Additionally, it’s family risk and sort of the genetic portion of it, which many of us don’t necessarily know. So, this can be very helpful for those.

And then anyone, just as we get a higher birthday. 55 is usually what we consider normal to where we’d like to start screening for this if you don’t have other risk factors.

(Trevor) Interesting.

So, if someone is interested, and they might fall in one of the categories that you just spoke of, and they really kind of know what’s going on in there, how do they take those steps to get a CT calcium scoring?

(Dr. Wood) Yeah, most commonly you guys can have a discussion with your healthcare provider. However, if you need more information, a great resource is just on our website, which is ausrad.com. A-U-S-R-A-D.com. We have quite a bit more that you can do there.

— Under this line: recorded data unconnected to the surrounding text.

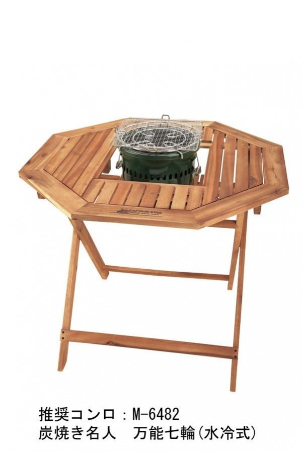 七輪がセットでき、バーベキューテーブルに早変わり。 製造国:ベトナム 素材・材質:天然木(表面加工:オイルステイン) 商品サイズ:(約)幅900×奥行900×高さ720mm、収納サイズ:(約)840×1060×厚さ85mm 重量:(約)7500g 仕様:折り畳み式 付属品:説明書 ※サプライヤー直送品 ご注文後3~4営業日後の出荷となります【商品名】CAPTAIN STAG CSクラシックス FD8角コンロテーブル(90) UP-1018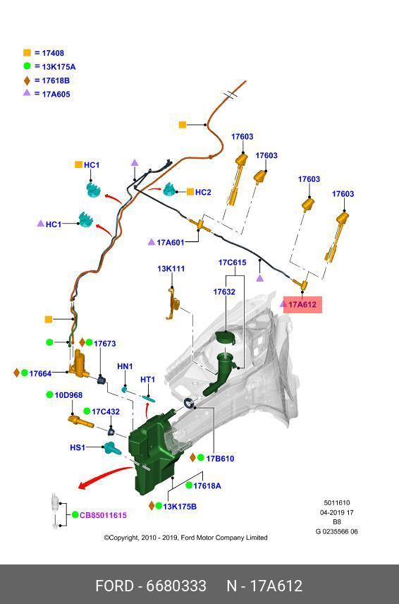 6 680 333 FORD Штуцер FORD Focus шланга бачка омывателя (тройник) FORD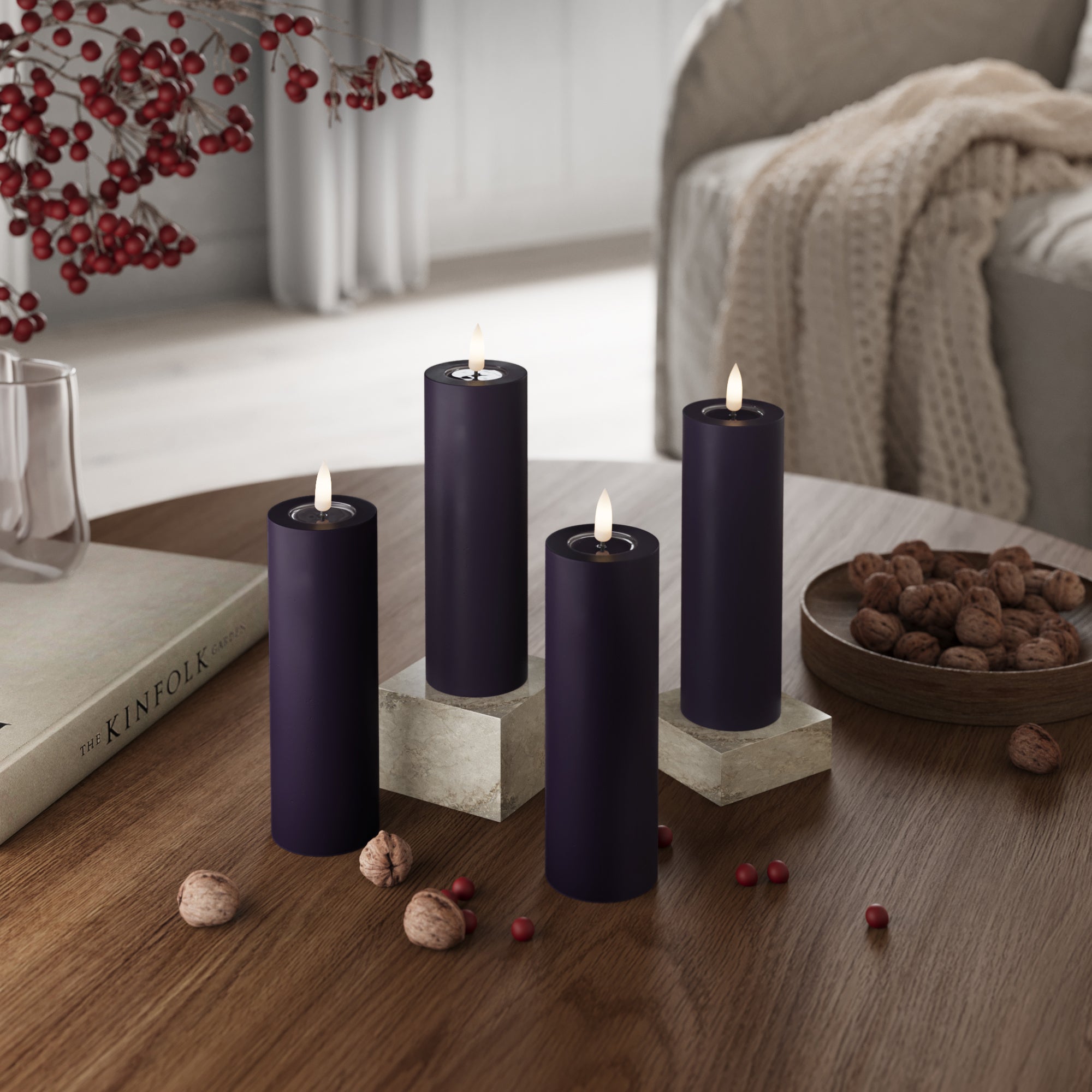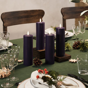 LED Stompkaarsen Ø 5 x 15 cm Donkerpaars - 4 pc's
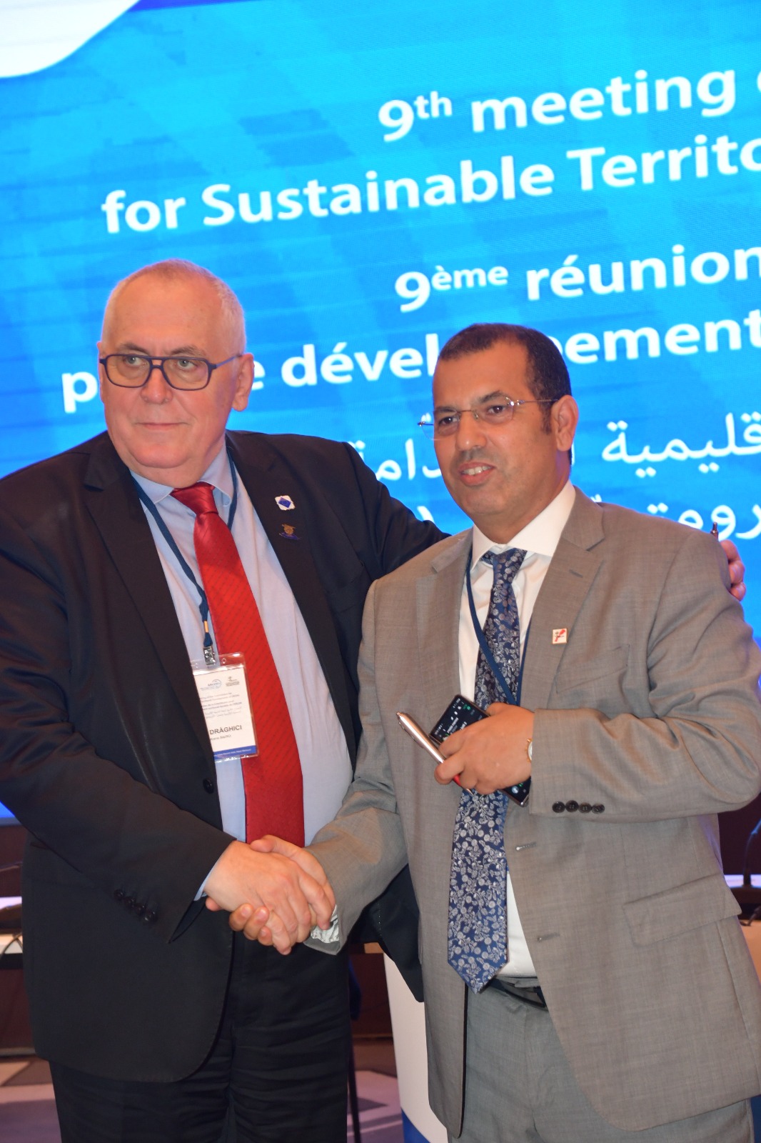على هامش الاجتماع التاسع للجنة التنمية الترابية المستدامة التابعة للجمعية الإقليمية والمحلية الأورو متوسطية المنظم بمدينة الرباط بشراكة مع الجمعية المغربية لرؤساء مجالس العمالات والأقاليم يوم الثلاثاء 25 أبريل 2023 وقع السيد عبد العزيز الدرويش، رئيس الجمعية المغربية لرؤساء مجالس العمالات والاقاليم والسيد إميل دراغيسي عمدة فولكانا باي ورئيس جمعية A.CO.R لبلديات دولة رومانيا، مذكرة تفاهم تروم ترسيم إطار مؤسساتي للتعاون بين الجانبين.

(Trevor) Well, this has really been a fascinating conversation. As you know, I’m a big fan of these conversations with ARA. They’re so informative for me and for so many people out there. And for this particular conversation, potentially lifesaving.

If you wanna learn a little bit more about ARA Diagnostic Imaging, you can go to the information, the website on your screen right there and maybe think about making those steps towards scheduling your CT calcium scoring.

Dr. Wood, thanks for joining us today. Really great information. Thanks for letting our viewers know.

(Dr. Wood) Absolutely. It’s always great to chat with you, Trevor.

(Trevor) It sure is. We’ll see you soon. Thank you.

Please note: When talking to your health care provider about getting a CT calcium scoring, be sure and discuss any symptoms you may be having, including chest pain or pain in the arms, back neck, jaw, or stomach; shortness of breath; palpitations; nausea; and fatigue.